Ordinal Inscriptions Crushing Crypto Networks
For the uninitiated, Ordinal Inscriptions are a type of digital asset on the blockchain network. While comparable to NFTs, these started with being engraved onto individual satoshis (SATS), the smallest units of Bitcoin (BTC).
However, they didn’t stay limited to the Bitcoin network. According to a recent Bloomberg report, some cryptocurrency enthusiasts began using the same technique to create NFTs on various blockchains.
This sudden spike in ordinal inscriptions increased the load on blockchain networks, causing problems.
For example, the volume of transactions with inscriptions surged significantly on the Solana network. According to reports, users created over 287,000 new inscriptions daily. This spike resulted in transactions valued at over $1 million.

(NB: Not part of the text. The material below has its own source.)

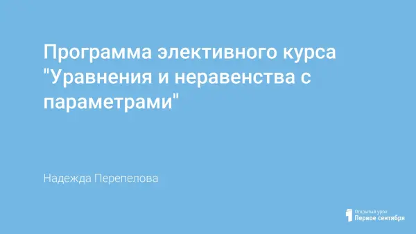 В курсе алгебры задачи с параметрами рассматриваются редко, бессистемно и вызывают трудности у учащихся. На экзаменах, как правило, они решаются сильными учащимися и частично. Возникла необходимость в разработке и внедрении в учебный процесс элективного курса по теме "Решение задач с параметрами". Тематика задач не выходит за рамки основного курса, но уровень их трудности - повышенный.

Avalanche, meanwhile, recorded over $5.6 million in gas costs associated with ordinal inscriptions in a single day. This sudden surge in activity caused several blockchains to experience outages. Among those impacted were Avalanche, Cronos, zkSync, and The Open Network.
Similarly, Arbitrum, a layer two scaling solution for Ethereum, faced an outage thanks to the surge in activity. According to a Dune Analytics dashboard created by Hildobby, over 90% of the activity on the chain was linked to inscriptions.
Blockchains look for solutions.
The reason why inscriptions became popular is the fact that they are relatively cheaper than smart contract transactions. This affordability factor has resulted in their use in spamming transaction networks. Many developers began minting and transferring tokens using ordinal inscriptions, although they offer little utility despite consuming significant network resources.
This was why many Bitcoin supporters initially opposed them, arguing that the network should be kept solely for financial transactions.
To face these challenges, blockchain networks are now having to innovate to curtail the surge in traffic. For example, last week, Cronos activated dynamic transaction fees that change with transaction volume to withstand traffic spikes more effectively.
Meanwhile, others have welcomed Ordinal Inscriptions. With the next Bitcoin halving event scheduled for April 2024, miners will see a significant cut in their earnings.
The transaction surge through inscriptions on SATS will help miners get earnings for transaction confirmations. For the smooth functioning of the Bitcoin network, it is essential to keep miners incentivized to continue running nods. Perhaps ordinary inscriptions are the answer, even if it comes at a cost.